From the book “The First Poem”, Warsaw 1956.


[Page 244]

The Nalewke Neighbourhood in Warsaw

By Yehuda Leyb Wohlman

Translated by Janie Respitz

Jewish Warsaw had its two main centres: the Nalewke Neighbourhood and the Gzhibov Neighbourhood. Naturally there were many rich Jews in Warsaw who lived on the wealthy Marshalovska Street or in the “Krakow Suburb” and other wealthy streets; others, those who were totally or half assimilated Jews, lived on the Oyadovska Alley or on Alley “Shukha”. Simple Jews called these streets “The Christian Streets” or the “Gentile Neighbourhood”.

At the entrance to Nalewke on the Novolipky side stood the religious book store belonging to Eliezer Yitzkhak Shpiro (later: Dovid Kozak), and on the entrance on the Bielansko side stood the religious book store “Akhiasaf” (later: Efraim Gitlin). The Hebrew writer A.L. Levinsky of blessed memory once said that these two religious book stores at the entrance to Nalewke gave the impression of Mezuzahs hanging on the entrance of Jewish homes.

The Nalewke houses were blessed with double courtyards, and sometimes these houses were composed of three giant yards one after the other. In these courtyards, Jews worked day and night, together with their wives and children to earn a meagre living. A small dwelling comprised of two rooms and a kitchen, and was divided into a workshop and living space for “father, mother and small children”. The father dressed in “an undershirt, pants and fringed garment” was the manufacturer, and his wife, between cooking and cleaning helped her husband with his work. The same went for the children; as soon as they came home from Heder, they would eat something and then help their father with some of the lighter work or run errands.

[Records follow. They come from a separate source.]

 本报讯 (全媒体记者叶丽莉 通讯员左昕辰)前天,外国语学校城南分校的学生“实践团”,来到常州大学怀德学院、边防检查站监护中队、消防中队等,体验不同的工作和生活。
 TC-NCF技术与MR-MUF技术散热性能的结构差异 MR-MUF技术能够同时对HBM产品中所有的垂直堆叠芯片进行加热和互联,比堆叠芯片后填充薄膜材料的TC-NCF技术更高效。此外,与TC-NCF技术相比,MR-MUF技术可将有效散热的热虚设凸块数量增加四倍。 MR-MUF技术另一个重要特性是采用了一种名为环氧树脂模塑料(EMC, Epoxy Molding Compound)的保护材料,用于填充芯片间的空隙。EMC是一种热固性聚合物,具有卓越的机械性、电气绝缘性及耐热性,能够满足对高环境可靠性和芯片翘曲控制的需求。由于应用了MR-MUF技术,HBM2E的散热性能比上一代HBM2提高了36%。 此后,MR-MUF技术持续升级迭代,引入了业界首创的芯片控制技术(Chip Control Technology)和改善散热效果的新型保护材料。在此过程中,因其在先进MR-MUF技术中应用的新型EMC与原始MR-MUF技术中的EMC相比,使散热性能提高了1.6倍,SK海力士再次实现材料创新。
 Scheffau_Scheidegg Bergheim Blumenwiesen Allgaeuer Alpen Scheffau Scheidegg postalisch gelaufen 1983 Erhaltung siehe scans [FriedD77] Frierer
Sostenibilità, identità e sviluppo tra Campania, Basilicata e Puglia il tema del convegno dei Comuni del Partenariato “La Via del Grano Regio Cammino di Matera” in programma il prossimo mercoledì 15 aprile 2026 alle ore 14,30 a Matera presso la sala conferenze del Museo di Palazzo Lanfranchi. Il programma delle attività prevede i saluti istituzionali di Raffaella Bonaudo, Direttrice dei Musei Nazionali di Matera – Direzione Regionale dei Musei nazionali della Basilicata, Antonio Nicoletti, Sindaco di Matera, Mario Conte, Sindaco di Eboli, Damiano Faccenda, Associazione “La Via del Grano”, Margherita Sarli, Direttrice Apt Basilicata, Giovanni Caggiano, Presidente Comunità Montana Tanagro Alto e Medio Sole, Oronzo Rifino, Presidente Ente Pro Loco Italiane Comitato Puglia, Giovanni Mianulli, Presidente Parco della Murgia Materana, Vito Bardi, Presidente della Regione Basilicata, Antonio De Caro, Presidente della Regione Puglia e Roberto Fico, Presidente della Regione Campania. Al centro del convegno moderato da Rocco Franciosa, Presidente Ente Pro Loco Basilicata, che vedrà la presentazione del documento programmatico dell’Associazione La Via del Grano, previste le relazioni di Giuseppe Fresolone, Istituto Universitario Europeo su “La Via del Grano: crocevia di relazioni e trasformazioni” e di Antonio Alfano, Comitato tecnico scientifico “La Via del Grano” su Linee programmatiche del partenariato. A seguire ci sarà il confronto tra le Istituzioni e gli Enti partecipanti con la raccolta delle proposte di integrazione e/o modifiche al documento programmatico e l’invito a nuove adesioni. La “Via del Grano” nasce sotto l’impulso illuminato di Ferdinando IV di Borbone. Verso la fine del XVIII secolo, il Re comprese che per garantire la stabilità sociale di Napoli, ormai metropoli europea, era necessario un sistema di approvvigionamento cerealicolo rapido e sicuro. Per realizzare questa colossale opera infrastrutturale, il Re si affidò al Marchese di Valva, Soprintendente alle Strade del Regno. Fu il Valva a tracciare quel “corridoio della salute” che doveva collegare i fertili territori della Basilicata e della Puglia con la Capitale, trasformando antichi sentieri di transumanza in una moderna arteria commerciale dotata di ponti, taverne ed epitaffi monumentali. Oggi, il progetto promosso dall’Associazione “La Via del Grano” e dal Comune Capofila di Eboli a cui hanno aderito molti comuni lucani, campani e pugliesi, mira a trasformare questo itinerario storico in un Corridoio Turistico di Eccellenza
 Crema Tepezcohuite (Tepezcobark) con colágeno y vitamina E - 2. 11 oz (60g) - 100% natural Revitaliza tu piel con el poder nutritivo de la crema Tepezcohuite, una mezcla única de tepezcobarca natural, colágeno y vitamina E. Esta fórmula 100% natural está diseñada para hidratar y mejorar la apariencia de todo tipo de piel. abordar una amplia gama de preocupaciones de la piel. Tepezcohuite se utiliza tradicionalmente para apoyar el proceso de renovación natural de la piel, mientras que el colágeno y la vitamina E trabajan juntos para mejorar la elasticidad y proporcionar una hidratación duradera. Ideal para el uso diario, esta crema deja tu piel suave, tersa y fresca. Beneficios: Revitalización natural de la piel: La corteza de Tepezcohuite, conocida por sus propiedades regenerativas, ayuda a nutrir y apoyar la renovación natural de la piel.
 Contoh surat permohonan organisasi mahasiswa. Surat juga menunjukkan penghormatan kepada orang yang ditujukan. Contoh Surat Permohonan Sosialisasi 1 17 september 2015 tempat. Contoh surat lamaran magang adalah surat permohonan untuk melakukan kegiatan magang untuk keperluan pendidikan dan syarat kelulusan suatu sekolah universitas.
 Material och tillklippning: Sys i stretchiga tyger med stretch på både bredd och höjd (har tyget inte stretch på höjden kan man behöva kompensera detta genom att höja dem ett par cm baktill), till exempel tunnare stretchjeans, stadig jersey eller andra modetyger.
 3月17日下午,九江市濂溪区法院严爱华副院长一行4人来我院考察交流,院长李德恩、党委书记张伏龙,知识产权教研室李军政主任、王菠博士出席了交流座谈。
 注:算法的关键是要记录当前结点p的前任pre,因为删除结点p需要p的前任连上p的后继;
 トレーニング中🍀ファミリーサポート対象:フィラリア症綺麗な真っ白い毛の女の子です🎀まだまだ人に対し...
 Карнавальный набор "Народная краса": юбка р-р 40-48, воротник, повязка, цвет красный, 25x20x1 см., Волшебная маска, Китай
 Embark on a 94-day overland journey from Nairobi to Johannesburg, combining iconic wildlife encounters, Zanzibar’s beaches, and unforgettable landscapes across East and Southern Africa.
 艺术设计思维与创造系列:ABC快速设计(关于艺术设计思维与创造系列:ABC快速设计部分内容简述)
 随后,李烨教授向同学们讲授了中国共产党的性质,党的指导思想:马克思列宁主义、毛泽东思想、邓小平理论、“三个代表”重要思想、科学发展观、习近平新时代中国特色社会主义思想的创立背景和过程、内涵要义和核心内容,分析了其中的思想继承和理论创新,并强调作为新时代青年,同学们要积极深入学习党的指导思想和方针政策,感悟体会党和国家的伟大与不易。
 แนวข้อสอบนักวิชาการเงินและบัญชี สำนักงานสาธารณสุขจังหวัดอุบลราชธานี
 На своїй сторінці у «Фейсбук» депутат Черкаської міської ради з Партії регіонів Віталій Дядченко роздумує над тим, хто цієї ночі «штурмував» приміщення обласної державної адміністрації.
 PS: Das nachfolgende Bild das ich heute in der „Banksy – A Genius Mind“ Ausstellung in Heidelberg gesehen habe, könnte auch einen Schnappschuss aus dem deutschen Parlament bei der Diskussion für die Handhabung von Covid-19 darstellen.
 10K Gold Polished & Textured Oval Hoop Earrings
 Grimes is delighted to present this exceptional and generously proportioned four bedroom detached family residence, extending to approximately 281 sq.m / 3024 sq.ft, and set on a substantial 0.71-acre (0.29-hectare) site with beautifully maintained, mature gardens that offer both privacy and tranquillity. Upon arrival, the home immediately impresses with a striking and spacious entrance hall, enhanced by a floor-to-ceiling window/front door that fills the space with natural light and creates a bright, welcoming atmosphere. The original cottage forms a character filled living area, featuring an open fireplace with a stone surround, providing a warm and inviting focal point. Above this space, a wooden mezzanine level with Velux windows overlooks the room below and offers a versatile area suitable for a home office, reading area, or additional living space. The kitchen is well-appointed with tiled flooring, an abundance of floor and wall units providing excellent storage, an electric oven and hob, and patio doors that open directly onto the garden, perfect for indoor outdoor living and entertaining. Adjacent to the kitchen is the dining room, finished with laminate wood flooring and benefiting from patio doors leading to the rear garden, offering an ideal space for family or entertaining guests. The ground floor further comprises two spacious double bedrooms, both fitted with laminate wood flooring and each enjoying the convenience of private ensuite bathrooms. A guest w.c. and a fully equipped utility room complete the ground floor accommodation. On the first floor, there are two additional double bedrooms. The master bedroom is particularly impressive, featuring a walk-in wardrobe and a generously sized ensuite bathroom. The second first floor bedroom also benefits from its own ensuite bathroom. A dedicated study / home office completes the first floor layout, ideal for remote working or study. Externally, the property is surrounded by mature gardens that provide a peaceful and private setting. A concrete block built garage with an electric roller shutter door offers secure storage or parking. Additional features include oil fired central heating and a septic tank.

What wasn't produced in these Nalewke courtyards? They produced splendid men's and women's clothing; shawls and neck ties.

Yehuda Leyb Wohlman was born in 1880 in Konskiye – Volyie. From 1900 until 1925 he lived in Warsaw. Later in Israel. He was a journalist, novelist and dramatist. He died in Tel Aviv in 1955. He knew Warsaw very well and wrote a lot about Warsaw's Jews, especially the merchant class.

[Page 245]

They manufacture parasols and walking sticks; large and small mirrors; chocolates and candies; leather brief cases and letter holders; scented soap and shoe laces; notebooks for school children and children's suits; socks, ribbons in all colours and sizes; elegant women's purses and cheap wallets for the simple folk; optical glasses and all types of chains and watches; drapes for windows and all sorts of handkerchiefs; silverware and toys for children; curly Ostrich feathers and sweat pads for women's dresses; men's and women's shoes and elegant hats; combs and pins of all types and dozens of other articles which deafened the courtyard with the noise of machines and the banging of all sorts of hammers.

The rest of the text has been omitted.